(Corriere della Sera – L. Valdiserri) La frase da cui ripartire: «Sarebbe più facile pensare a me stesso, ma per il direttore sportivo della Roma per prima cosa c’è la Roma, per seconda cosa c’è la Roma e molto dopo, forse, c’è il d.s.». La frase che spiega, se non tutto, molto: «A livello di acquisti e uscite penso sia stato un mercato di gennaio normale. Quello di cui la società aveva bisogno. Sicuramente si poteva far meglio, ma era la linea che dovevamo tenere». E la frase che i tifosi, delusi, volevano sentire: «Nessuno può essere contento del quinto posto: non dobbiamo trovare colpevoli ma soluzioni. Il primo responsabile sono io, non bisogna cercare altrove. È vero che tutti possiamo migliorare, anche i calciatori, il tecnico e, evidentemente, il direttore sportivo. È il momento di parlare meno e lavorare di più».
Il mercato di riparazione, quello che tanti problemi ha creato alla Roma, è finalmente finito. Monchi approfitta della presentazione di Jonathan Silva, arrivo last minute e low cost, per fare il punto della situazione tra il retroscena dell’offerta per El Shaarawyrifiutata negli ultimi giorni e la constatazione che il ruolo del d.s. alla Roma, come avveniva già con Walter Sabatini, è sempre legato alle plusvalenze. Almeno fino a quando – con lo stadio – i ricavi non cresceranno di parecchio. Per ora si vive soprattutto di partecipazione alla Champions League, della scoperta di talenti e di compravendita. Gli ricordano lo slogan «qui non si vende, si vince» e l’andaluso confessa: «Un direttore sportivo, qualche volta, deve proteggere la società e quella frase è stata proprio questo: una forma di protezione. Guardare indietro, però, non mi aiuta. Devo guardare in avanti. La Roma ha una struttura molto importante a livello societario e anche a livello sportivo dobbiamo avvicinarci a quel livello. Non importa quello che pensavo in passato, l’importante per me sono il presente e il futuro».

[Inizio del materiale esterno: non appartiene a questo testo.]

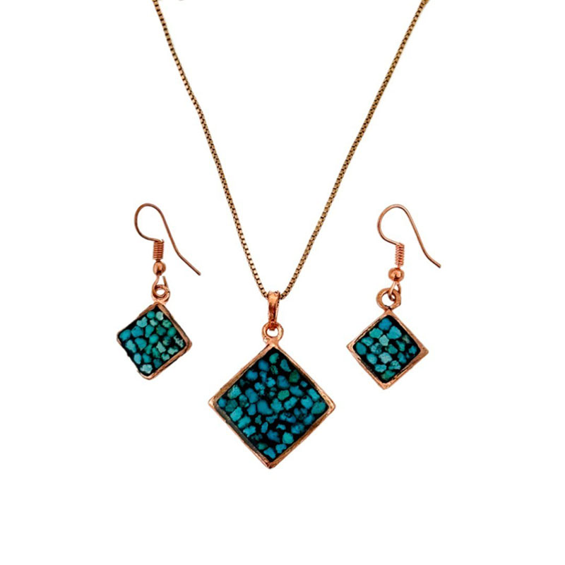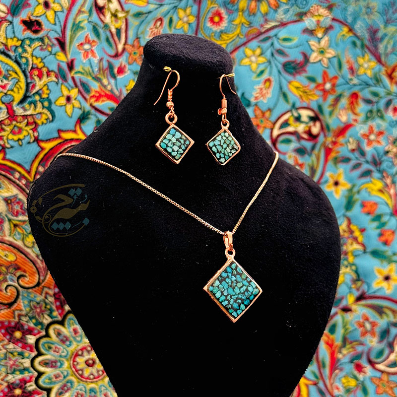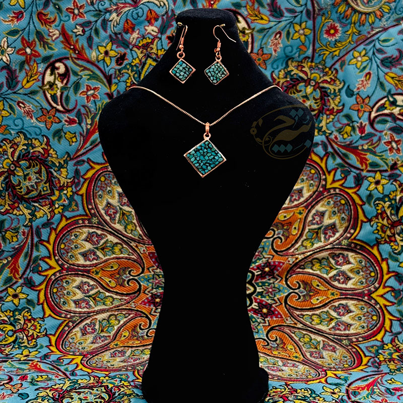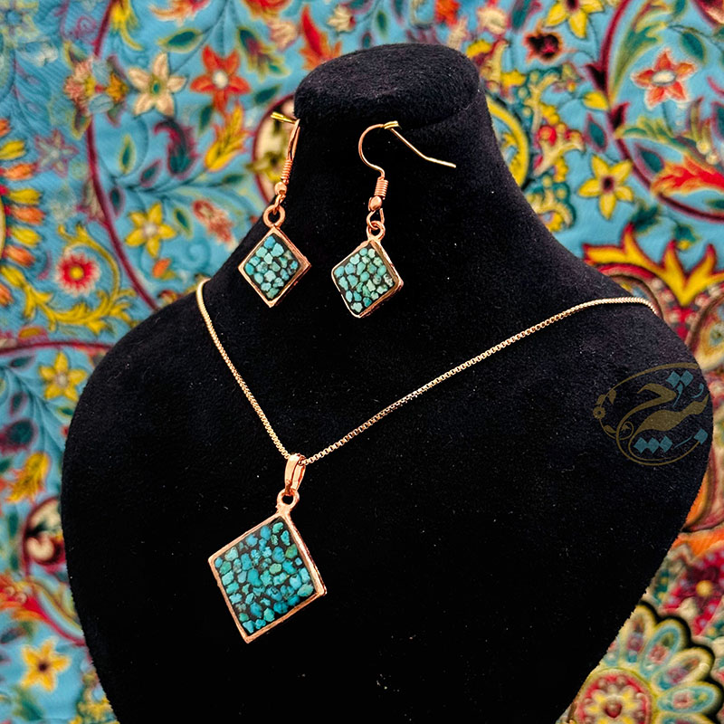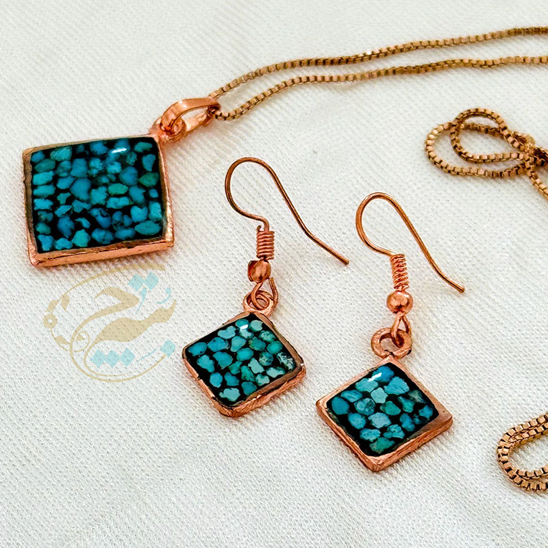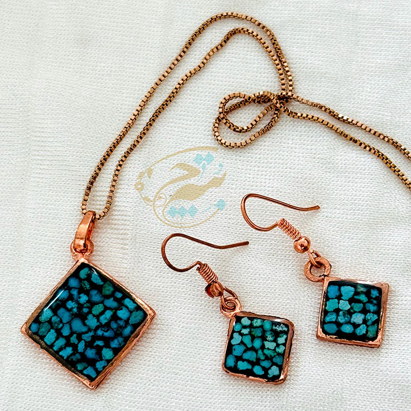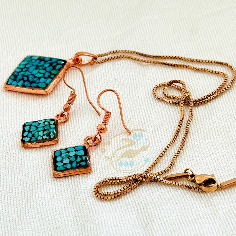 خانه / صنایع فلزی / مس و فیروزه کوبی / زیورآلات فیروزه کوبی / نیم ست زیورآلات مسی فیروزه کوبی مدل 6

Rivendica il suo metodo di lavoro: «Si dice che Monchi è uno che vende e compra tanto. Sono arrivato da 9 mesi e sono convinto di due cose: conosco meglio la società, quindi sarà più facile lavorare in futuro, e sono un miglior professionista rispetto a quando sono arrivato. Il lavoro di un direttore sportivo non è solo il lavoro del presente. Ogni giorno, ogni anno, ogni stagione, si impara. Io ho capito, anni fa, che quando un acquisto non funziona, la cosa migliore è non intestardirsi. Così ho comprato Moreno come primo giocatore alla Roma e l’ho rivenduto per il bene del club e del giocatore. Vedo la rosa di questa squadra e penso che sia forte. A volte ci vuole pazienza perché un giocatore nuovo renda al massimo. Sono convinto che i calciatori che abbiamo preso, più prima che poi, cominceranno a giustificare i loro acquisti. L’allenatore? Non è un tema. Non ho niente di cui parlare, se non aiutarlo giorno per giorno in quello che posso». Solo in fondo, una piccola innocente bugia: «La Roma ha già ricevuto offerte per Alisson? No, nessuna offerta. Lasciatemi più o meno una settimana di pausa prima di cominciare a parlare del prossimo mercato. Parliamo un po’ di gioco, di risultati, di tattica e tecnica, così sicuramente sarà meglio per tutti». Aiutati che Dio ti aiuta. A partire da dopodomani a Verona. Sperando di recuperare Schick, che migliora, il prima possibile.